# Villas @ The Boardwalk Resort, Virginia Beach,VA



## pedro47 (Sep 26, 2016)

Has anyone stay at this resort recently?  We are looking at booking a 2 bedroom lockout unit / ocean view after Thanksgiving. Any information would be helpful. Thanks for your assistance on this subject.


----------



## RLS50 (Sep 26, 2016)

We were owners here briefly, but only of the larger 1BR/1BA configuration.  So I have never been inside the 2BR/2BA units on the higher floors.   The overall resort was always clean and in good shape, but light in the amenities department.   

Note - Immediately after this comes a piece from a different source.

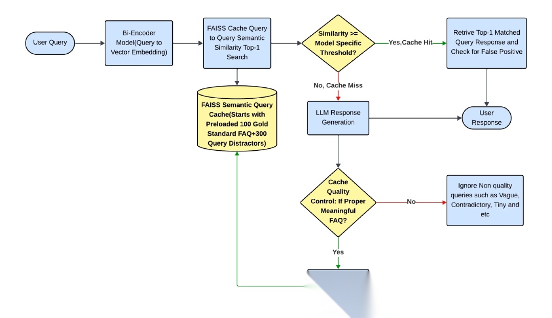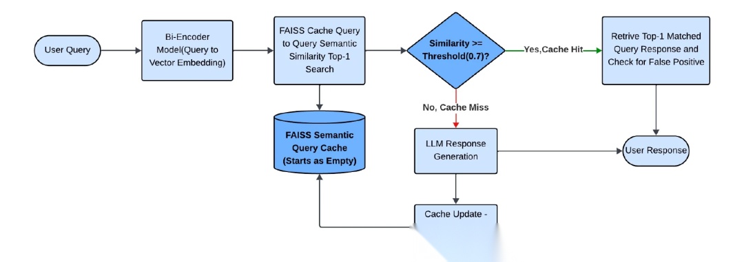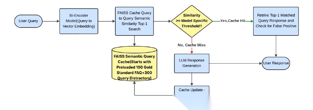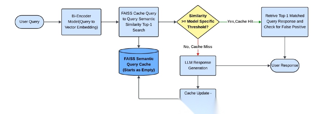 我们的测试系统使用了查询到查询的语义缓存架构。用户查询被向量化,并与基于 Facebook AI 相似性搜索(FAISS)的先前回答查询的缓存匹配。如果在设置的相似度阈值之上找到类似的查询,则从缓存返回相应的金答案。如果查询没有达到阈值,系统会退回到大语言模型(LLM)来生成响应,然后将响应添加到缓存中以供将来使用。。评估环境旨在紧密镜像生产规模和行为,维护相同的缓存逻辑、模型配置和性能参数,以确保真实和可重复的结果。图 1 说明了高级语义缓存架构。

They recently renovated all the kitchens and bathrooms here, and I think they did a very nice job with the design choices.   If your family ever prepares meals these units have one of the better and nicer full size kitchens in VB.   

All the units have balconies, most of them direct oceanfront.  And I am not sure if the 2BR/2BA is similar to the large 1BR/1BA we had, but the oceanfront rooms have large windows in the living room and bedroom facing the ocean, and so there is a lot of natural light.  That's a feature we appreciated.

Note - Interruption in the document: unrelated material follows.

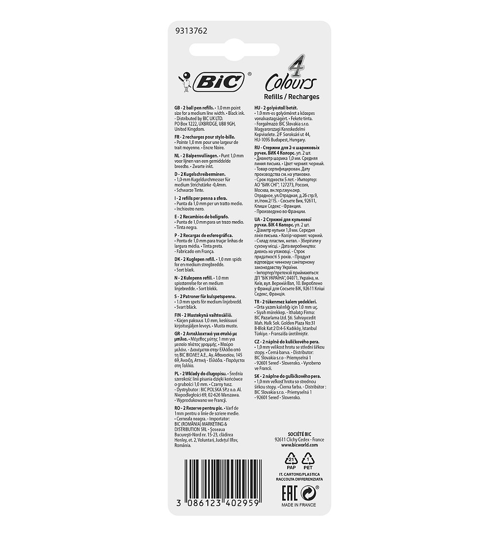 Libellé BIC 4 Couleurs Recharges pour Stylo-Bille Pointe Fine - Vert, Blister de 2 BIC

The indoor pool is on the smaller side, and so is the indoor gym.  Personally we like outdoor pools but one thing we appreciated about the indoor pool here was that there was a wall of windows to the boardwalk side, so at least it is bright and does not feel like you are swimming in a dark basement or cave.

It is centrally located on the Boardwalk near the fishing pier.  There are some restaurants nearby, and Rockfish bar and grill is the onsite restaurant.   We never really had a desire to eat at Rockfish with so many other choices, but heard it is average.   We do enjoy eating lunch occasionally at Ocean Eddie's on the boardwalk.  Nothing fancy, and the food is also only average, but we liked the rustic feel sitting outside practically on the ocean.  But if you can't sit outside because of the cooler weather, skip this place and go somewhere else. 

Most of the better oceanfront eating establishments are down near 6th/7th/8th streets or between 30th-34th street, I recommend bikes or you will need to walk.  It might be too chilly to walk or bike for any long distances, so you may need to drive.  There are many decent restaurant options away from the oceanfront (Rudee's, Rockafellers, Bubbas, The Beach Pub), and since this is offseason it might be a good excuse to visit some of them.

Is this the right choice for your family?   Hard to say.  If you have never been to Virginia Beach (or haven't been in awhile) or haven't stayed here there is nothing wrong with this place.  In fact, in fall weather it might be a very good choice since outdoor swimming isn't really an option.   

If I was going to stay in a DRI property in the offseason, I think Boardwalk, OBC, and Oceanaire would be the 3 at the top of my list.  They are laid out well for couples or families, especially if you spend any time in the unit.   We also like Turtle Cay, the units are large and well appointed, but it isn't oceanfront and if one can't take advantage of the outdoor pools there, it probably makes sense to pick a resort that is Oceanside.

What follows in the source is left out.